I Ran the CrystalDiskMark benchmark on the 1TB drive and below are my results.

Seagate Barracuda 7200 rpm 1TB (ST1000DM003)
Sequential Read : 134.1 MB/s
Sequential Write : 129.4 MB/s
Random Read 512KB : 27.75 MB/s
Random Write 512KB : 61.82 MB/s
Random Read 4KB (QD=1) : 0.275 MB/s
Random Write 4KB (QD=1) : 0.979 MB/s
Random Read 4KB (QD=32) : 0.970 MB/s
Random Write 4KB (QD=32) : 0.876 MB/s

First upgrade I wanted to do was upgrade the Hard Drive to an SSD and use the 1TB as a secondary drive. I shoot photos in RAW so each file is about 25MB. A typical photoshoot is like 250-500 photo's or around 10Gigs on the camera's memory card. I figure I'll save and process the RAW files on the SSD drive, then delete the RAW files and save the processed jpegs into the secondary drive which I backup regularly.

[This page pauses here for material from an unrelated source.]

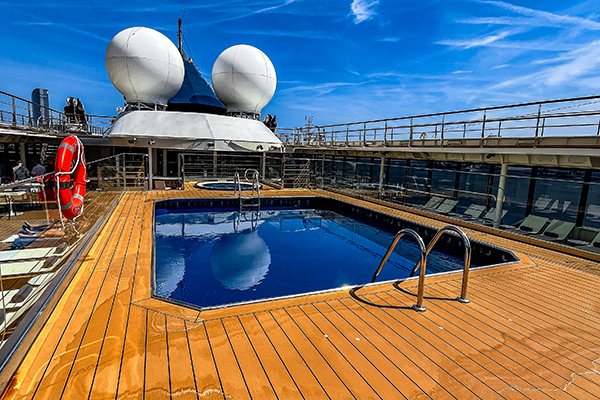 And who could resist the allure of the Pool Area on Deck 7? With its refreshing cold water pool (perfect for hot days) and a boiling jacuzzi (great for warming up after a swim), it was the ultimate spot for relaxation. Plus, the nearby open bar at 7 Aft made indulging in delicious treats like cheeseburgers and hot dogs—just what you might need for a satisfying poolside snack.

I went with the Samsung 840 Pro, 256GB and below are the results.
Sequential Read : 509.8 MB/s
Sequential Write : 492.3 MB/s
Random Read 512KB : 443.5 MB/s
Random Write 512KB : 451.3 MB/s
Random Read 4KB (QD=1) : 29.56 MB/s
Random Write 4KB (QD=1) : 77.50 MB/s
Random Read 4KB (QD=32) : 383.3 MB/s
Random Write 4KB (QD=32) : 342.0 MB/s

I noticed I had an extra msata slot on the MB and was wondering how it would affect my workflow if I threw in an SSD for Caching my secondary drive. I searched on Google and I couldn't find anyone who has done it and most say it's pointless to do so. So I picked up a Crucial M4 32GB SSD to test out.

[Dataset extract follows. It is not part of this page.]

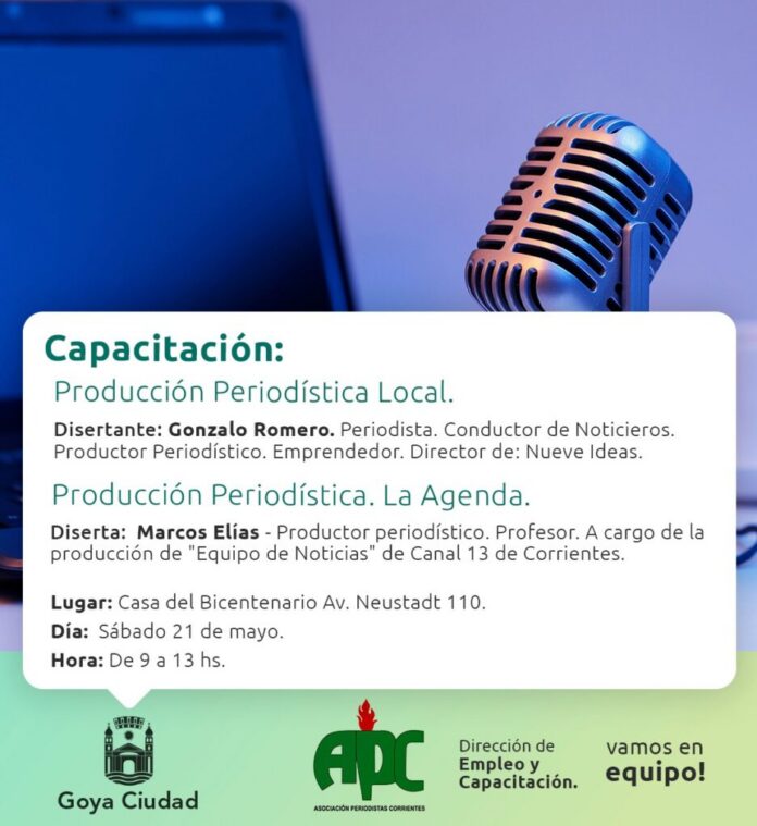Organizado por la Dirección de Empleo y Capacitación de la Municipalidad de Goya se realizará la Capacitación de Producción Periodística en Casa del Bicentenario este sábado 21 de mayo de 9 a 13 horas. Estarán disertando Gonzalo Romero y Marcos Elías de la ciudad de Corrientes.

With SRT enabled to accelerate the 1TB secondary drive, below are the results.

Sequential Read : 387.6 MB/s
Sequential Write : 57.38 MB/s
Random Read 512KB : 318.1 MB/s
Random Write 512KB : 56.44 MB/s
Random Read 4KB (QD=1) : 20.73 MB/s
Random Write 4KB (QD=1) : 47.64 MB/s
Random Read 4KB (QD=32) : 247.9 MB/s
Random Write 4KB (QD=32) : 57.49 MB/s

The 1TB secondary drive seems more responsive and I can barely tell the difference from working with files from my OS SSD drive or files on my cached 7200rpm drive. I'm not sure but I think it's because when I save the 5-10GB of files into the secondary drive, those same files are stored in the Cache. So when I process them, it's pretty quick. I can live with the slower write speed since my memory stick from my camera is a Sandisk Extreme which reads/writes at around 45Mb/s max anyways when I save the files over.

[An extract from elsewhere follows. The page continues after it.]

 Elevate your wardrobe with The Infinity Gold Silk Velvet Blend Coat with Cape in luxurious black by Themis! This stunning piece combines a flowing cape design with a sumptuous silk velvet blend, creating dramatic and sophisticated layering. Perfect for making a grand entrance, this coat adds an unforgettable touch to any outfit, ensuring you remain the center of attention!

So am I missing anything here? SSD Caching a non OS drive seems to work quite well and I'm wondering why hardly anyone is doing it....


 
Solution
Thanks for an informative post.
It sounds like you have the ssd caching in enhanced mode which writes to the SSD and the HDD, hence the reduce write speed. In Maximized mode the writes would go to the caching SSD and the the writes to the HDD would occur 'later'. Enhanced mode is much more secure because in max mode if the ssd suddenly dies then data could be lost if it hadn't been written to the hdd yet.

Also, I'd like to suggest you backup your raw files to dvd/bdr and not just delete them when you're done. Sometimes they're nice to have when you want to try something and a jpg has lost to much 'information'.

popatim

Titan
Moderator
Thanks for an informative post.
It sounds like you have the ssd caching in enhanced mode which writes to the SSD and the HDD, hence the reduce write speed. In Maximized mode the writes would go to the caching SSD and the the writes to the HDD would occur 'later'. Enhanced mode is much more secure because in max mode if the ssd suddenly dies then data could be lost if it hadn't been written to the hdd yet.

Also, I'd like to suggest you backup your raw files to dvd/bdr and not just delete them when you're done. Sometimes they're nice to have when you want to try something and a jpg has lost to much 'information'.